В подвальной тюрьме НКВД в камере, где сидели Порошин и Гейнеман, появились переведенные из централки — Гераська, отец Никодим, Майкл, Ахмет, Штырцкобер. В камере главенствовал Эсер. Ему подчинялись беспрекословно и Придорогин, и Порошин, и секретарь магнитогорского горкома Берман, и Ручьев, и все остальные. Насилия в камере не было, но много спорили, насмехались друг над другом. Порошин говорил Эсеру:

— Если бы ты попал, Эсер, на допрос ко мне, я бы тебе предъявил интересные обвинения.

— Позвольте, сударь, узнать, в чем бы вы меня обвинили?

— А ты, Эсер, изрубил на куски Цвиллинга.

— У вас есть, дорогой мой, свидетельства, доказательства?

— Я бы нашел свидетелей.

— Каких?

— Деда Кузьму из станицы Зверинки, Яковлева — из Шумихи, Манефу...

— Так заявите сейчас, Аркадий Иванович, еще не поздно. Может быть, вам смягчат наказание.

— Нет смысла, Эсер. Тебя и без моих показаний расстреляют. И мне от вышки не уйти.

— Я один среди вас невиновный, — вздыхал Ручьев. — Меня следователь Натансон губит.

Калмыков посмеивался над поэтом:

— У тебя один глаз — серый, другой — синий. Только за это тебя можно расхлопать.
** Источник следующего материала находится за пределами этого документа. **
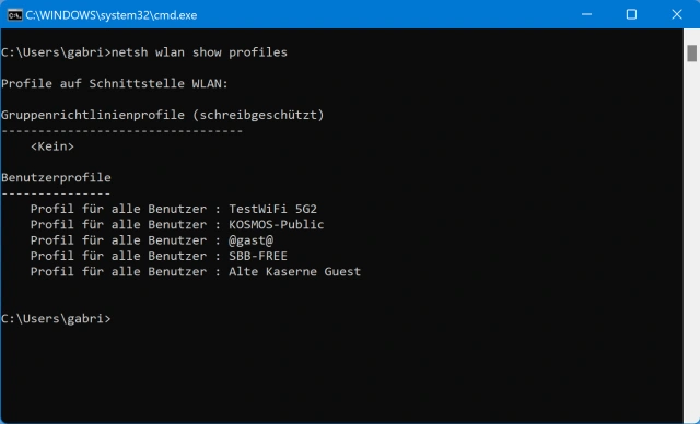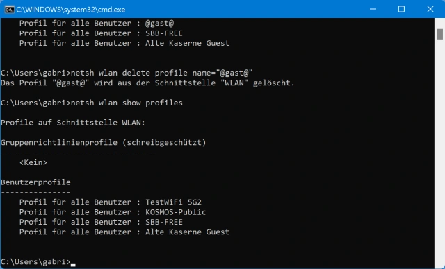 Die Bestätigung erscheint: «Das Profil 'Netzwerkname' wird aus der Schnittstelle 'WLAN' gelöscht». Führen Sie anschliessend netsh wlan show profiles erneut aus, ist das Wi-Fi aus der Liste verschwunden.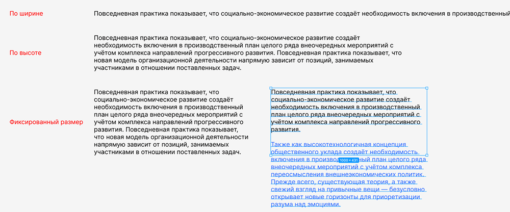 Фиксированный размер. Ширина и высота контейнера не меняется при уменьшении/увеличении объема текста.

Порошин и Ручьёва разоблачал:

— Значит, невинный ты, Борис? Чистый во всех отношениях? С пролетарским происхождением?

— Абсолютно чистый, клянусь!

— А кто у тебя отец, Борис? Где он живет?

— Отец учитель, в Киргизии живет...

— А кем он раньше был, в гражданскую войну?
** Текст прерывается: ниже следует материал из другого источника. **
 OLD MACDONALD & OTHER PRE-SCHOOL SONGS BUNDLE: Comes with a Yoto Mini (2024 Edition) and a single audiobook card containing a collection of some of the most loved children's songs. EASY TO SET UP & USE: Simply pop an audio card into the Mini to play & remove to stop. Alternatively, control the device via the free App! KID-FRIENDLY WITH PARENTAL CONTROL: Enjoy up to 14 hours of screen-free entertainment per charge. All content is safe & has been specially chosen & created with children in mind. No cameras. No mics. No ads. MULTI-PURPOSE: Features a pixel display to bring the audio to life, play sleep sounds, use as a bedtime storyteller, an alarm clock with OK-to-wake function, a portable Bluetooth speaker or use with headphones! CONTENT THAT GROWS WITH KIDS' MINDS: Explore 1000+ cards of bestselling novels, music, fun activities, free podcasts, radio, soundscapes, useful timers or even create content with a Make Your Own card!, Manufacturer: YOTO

— Директором гимназии в Троицке.

— Врешь, поэт! Отец твой — Александр Иванович Кривощеков был беляком, возглавлял идеологический отдел в штабе Дутова. Наше НКВД — примитивно, безграмотно, не знает истории. Шьют они тебе напраслину, не знают, что ты сын дутовца. Узнали бы, стерли бы в порошок и тебя, и всю твою семью.

Эсер хохотал, обнимая Порошина:

— Какие кадры теряет НКВД, уничтожая таких зубров сыска! Но ты, Аркадий, не годишься для действующей системы, как и твой друг Гейнеман. Ты мыслитель. А диктатуре нужны не мыслители, а исполнители-слепцы. Великий Бакунин говорил: «Диктатура способна породить лишь рабство».

Порошин не считал себя большим специалистом по теории анархизма, но знал работы Бакунина «Государственность и анархия» и «Анархия по Прудону». В профессорской библиотеке отца было много редких и запрещенных книг. По Марксу диктатура пролетариата — явление временное. По Бакунину — «никакая диктатура не может иметь другой цели, кроме увековечивания себя». Как философ и провидец Бакунин оказывался, конечно, выше Маркса. Бакунин предвидел опасность военизирования страны. За пятьдесят лет до 1917 года он говорил о марксистах: «Они попробовали бы навязать коммунизм... дали бы армию реакции и породили военных реакционеров, честолюбивых генералов».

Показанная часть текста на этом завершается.